In fact, I still think Okrand was covering for sloppy, Englishy translations, but I also think this new information was something more: a sign that Okrand was thinking more carefully about the grammar of Klingon, and deepening it in response, deepening it beyond the simple "an object is an object is an object" structure it had at first. Klingon clearly had need of more complicated predicates, as was being demonstrated to him by KLI members who kept questioning his sentences and expressing frustration with the limitations of Klingon. I think he was also being asked to translate more and harder pieces, and he discovered that he needed to make Klingon more flexible to do this.
The "looseness" we're talking about is not a property of -moH. It's a property of Klingon objects. Consider the old sentence, qaja'pu' I told you. What is the object of the sentence? Apparently, it's an elided SoH, because the prefix qa- tells us so.
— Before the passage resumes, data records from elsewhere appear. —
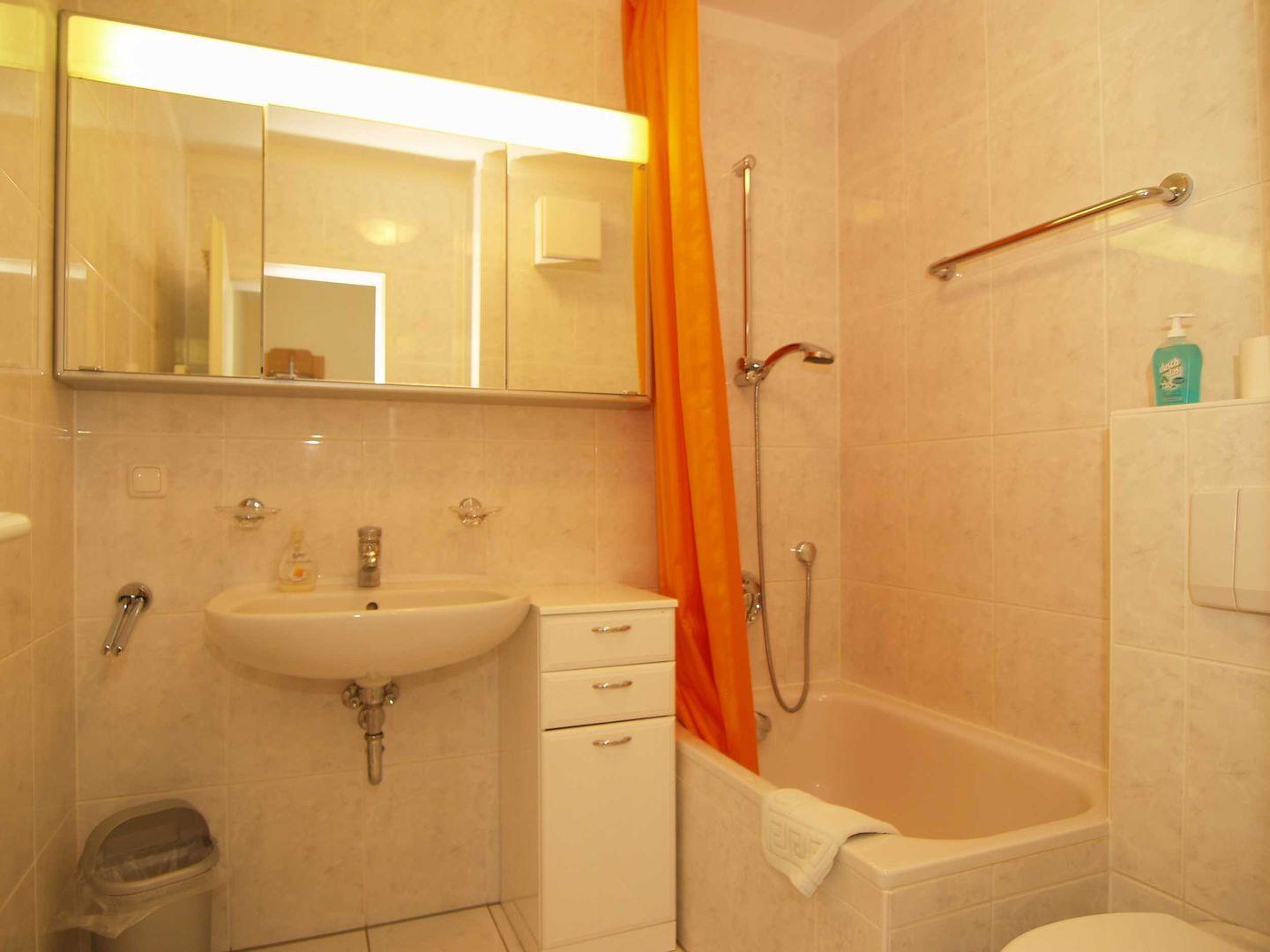 Das freundliche Badezimmer verfügt über eine kleine Badewanne mit Duschmöglichkeit, Waschbecken und WC, Spiegel- sowie Badezimmer-Schrank, Hocker, Handtuch-Heizkörper sowie ausreichend Ablagemöglichkeiten.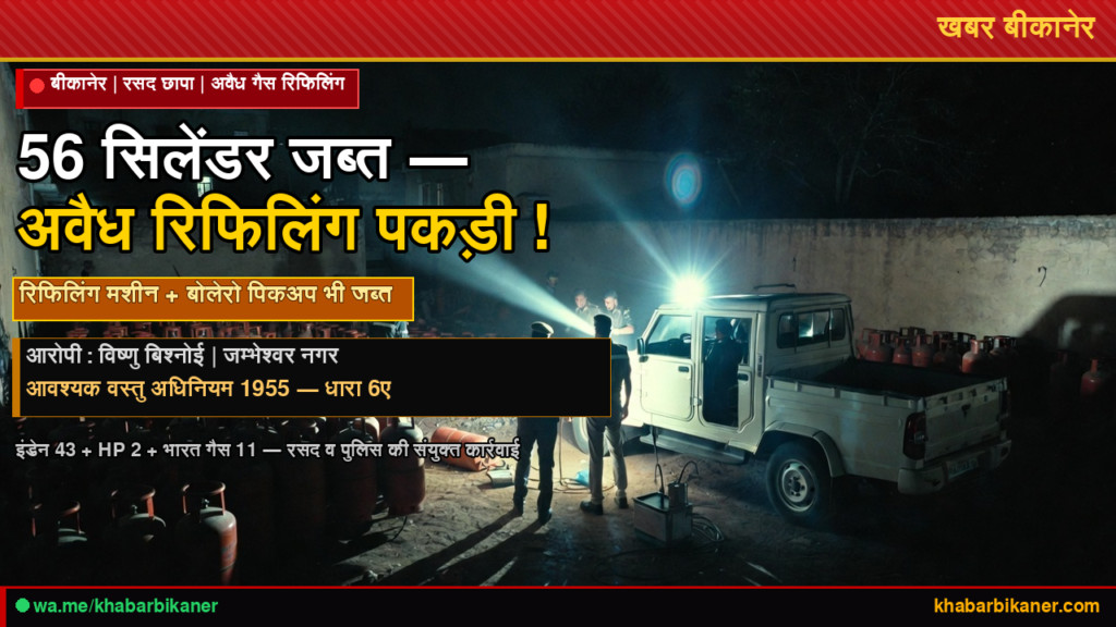 बीकानेर: जम्भेश्वर नगर में बड़ा LPG रैकेट पकड़ा — 56 सिलेंडर, रिफिलिंग मशीन और बोलेरो पिकअप जब्त; आरोपी की पहचान March 15, 2026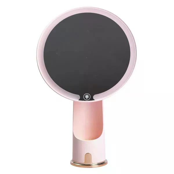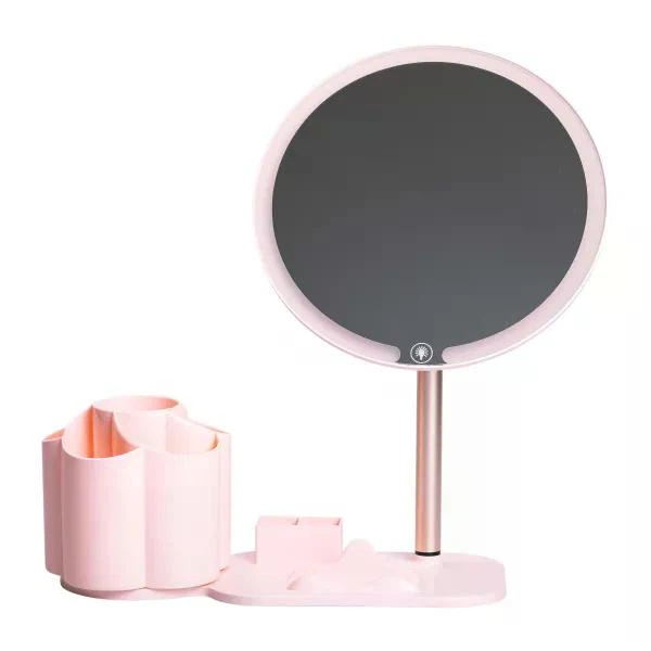 Косметичне дзеркало з LED підсвіткою та органайзером 18,5 см настільне дзеркало для макіяжу і щоденного догляду Рожеве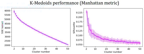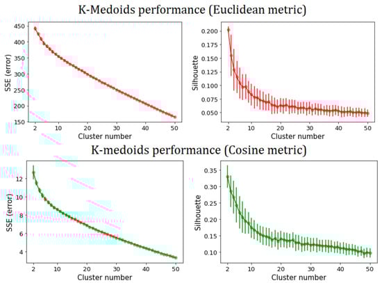 The same reasoning on the clustering quality applies to K-medoids, an algorithm similar to K-means, in which actual data points, instead of centroids, are chosen as cluster centers. K-medoids can be used with arbitrary distances [61]; hence, we considered three common metrics to calculate SSE and mean Silhouette score: Euclidean, Cosine and Manhattan.
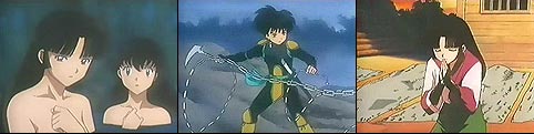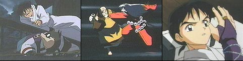 That evening Kagome and Sango bath in the Hot Springs while InuYasha and Miroku sit by a campfire discussing Naraku. Kagome notices the scar on Sango's back and asks if it was from a youkai. Sango shakes her head and tells the tale of her once gentle brother. She was thankful he knew who he was before he died. Suddenly, our demon exterminator picked up a rock and tossed it into the bushes. Surprise! It was simply a monkey. Unfortunately for the guys, they had heard the disturbance and came to see what happened. They got an eyeful and quite a beating. Ouch!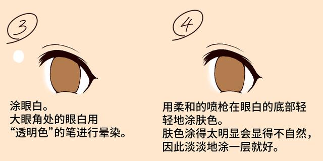 http://p6-tt.byteimg.com/large/pgc-image/7b0006a28d4049aba42176faae7e87ab?from=pc涂眼白。大眼角处的眼白用“透明色”的笔进行晕染。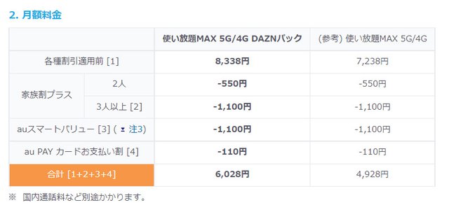 DAZNは先日、2月22日から利用料を値上げすると発表しており、利用料は通常月額3,000円となる予定で、「使い放題MAX 5G/4G DAZNパック」ではDAZN利用料を含めて、通常月額8,338円で提供する。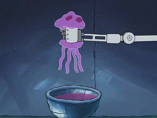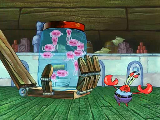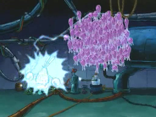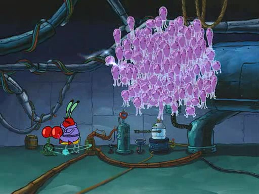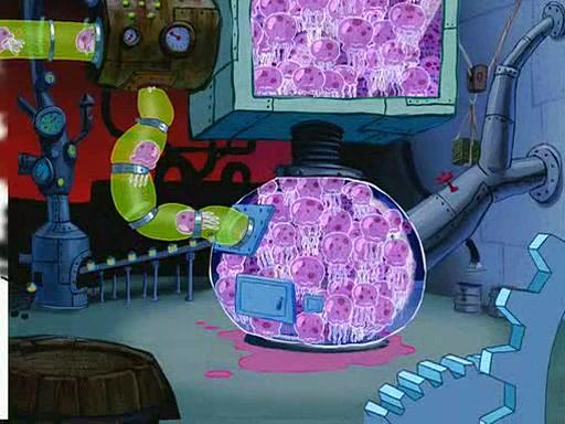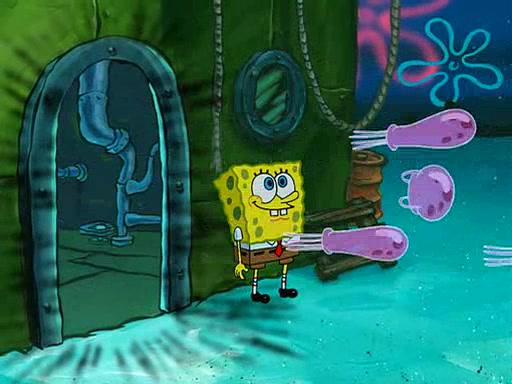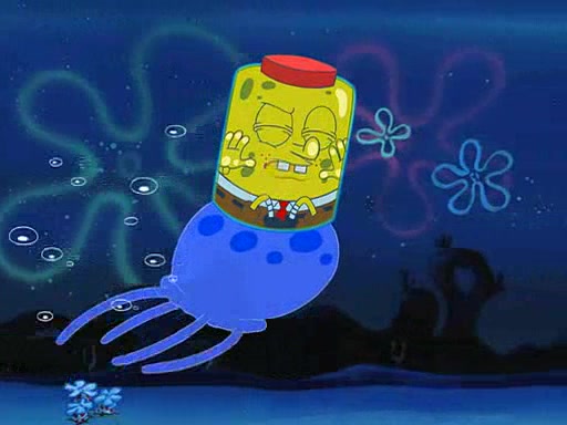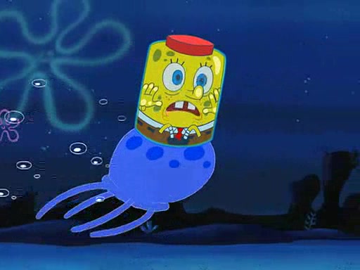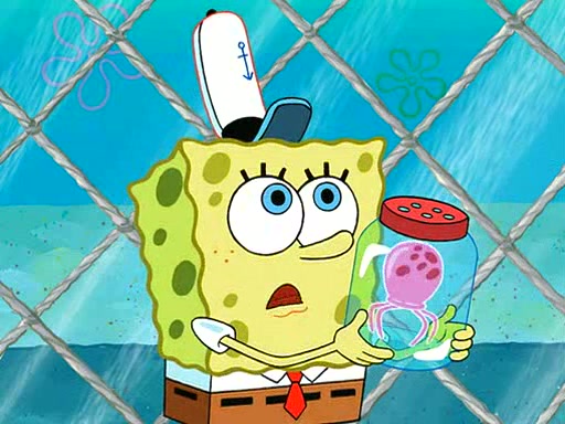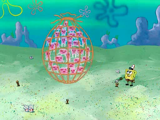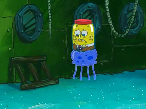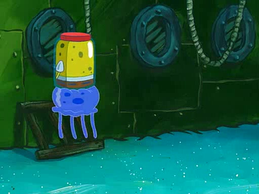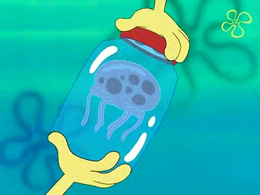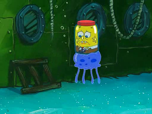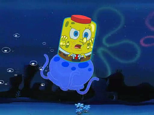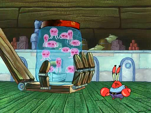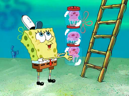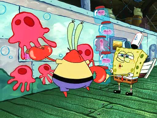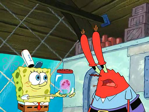 After several close encounters and strange events, No Name captures him in a jar much in the way that SpongeBob catches jellyfish. No Name then takes SpongeBob to a secret factory farm, where he discovers that Mr. Krabs is cruelly treating the jellyfish to increase profit.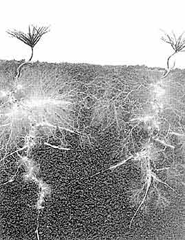 Что же получили растения от такого содружества? Прежде всего улучшилось корневое питание, поскольку увеличился объем почвы, охватываемой всасывающей поверхностью. Радиус грибной гифы на два порядка меньше радиуса корневого волоска, поэтому поверхность корня на единицу объема (или веса) в 100 раз меньше поверхности гифы, т.е. для продукции одинаковой всасывающей зоны растению требуется в 100 раз больше материала, чем грибу.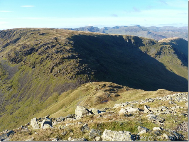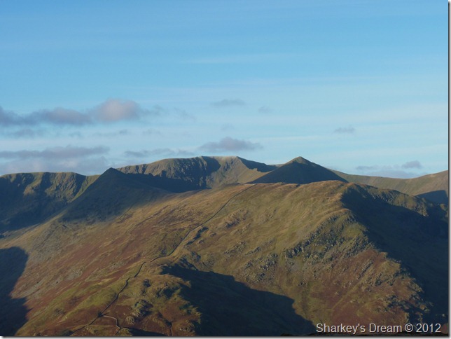 A close up (LtoR) of the huge mass that forms Birkhouse Moor, Striding Edge, Helvellyn, Swirral Edge & Catstycam. |
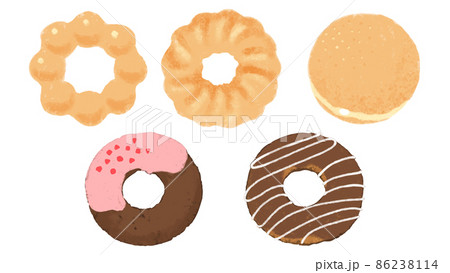 手描き水彩の可愛くて美味しそうなドーナツイラストセット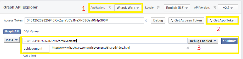 Once the file is created and uploaded without errors, we need to register the achievement in Facebook. First, we need to navigate to the Open Graph Explorer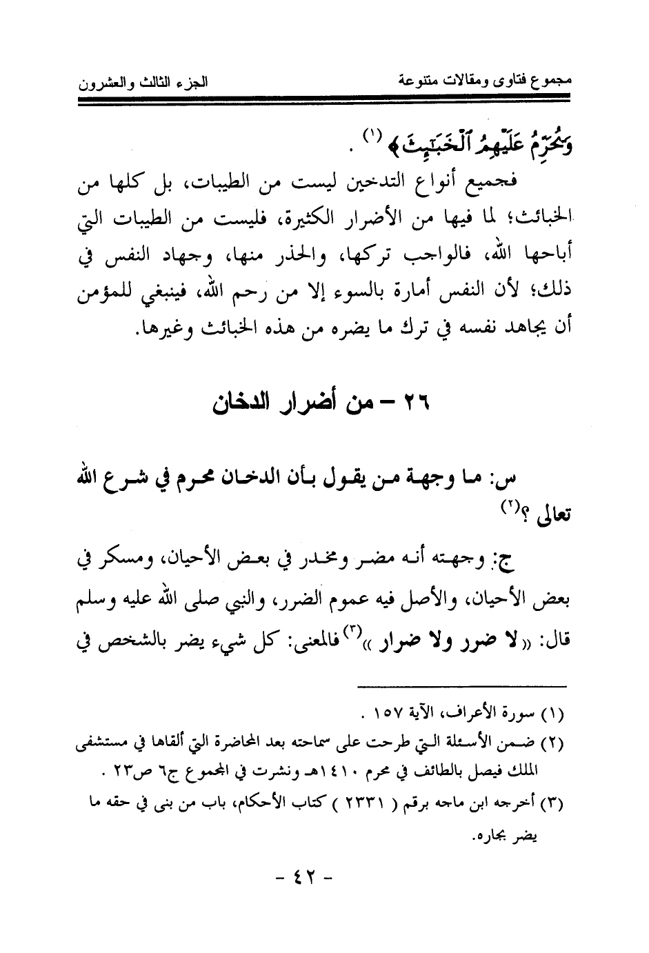 ج: وجهته أنه مضر ومخدر في بعض الأحيان، ومسكر في بعض الأحيان، والأصل فيه عموم الضرر، والنبي صلى الله عليه وسلم قال: «لا ضرر ولا ضرار (¬1) » . فالمعنى: كل شيء يضر بالشخص في

So everyone said "The object of ja' is the person spoken to." But (a) that doesn't jibe with the gloss given in TKD, where the person being spoken to would be the indirect object, not the direct object, and (b) we have since seen ja' take other objects, like lut. The solution is simple: the "object" of a verb might be a direct object (acted upon) or an indirect object (receives the result of the action), depending on how the verb is used.
It just so happens that verbs with -moH encounter object "looseness" more often because verbs with -moH add a new entity into the semantics of the sentence: the causer. The old entities might still be present, so you have to think carefully about what is being acted upon and what is receiving the result of the action. But this "looseness" isn't a property of -moH itself; it's a general property of Klingon sentences that might change things up depending on what verb you're using and how you're using it.
I still call it the prefix trick partly to remind myself
of my foolish days when I thought Klingon sentences were rigid,
their syntax and semantics invariable, and partly because that's
what everybody calls it now, and we don't have another phrase for
it. But it's not a trick; it's just a fact of verb prefixes, that
while they must agree with an object, they don't
necessarily have to agree with a direct object.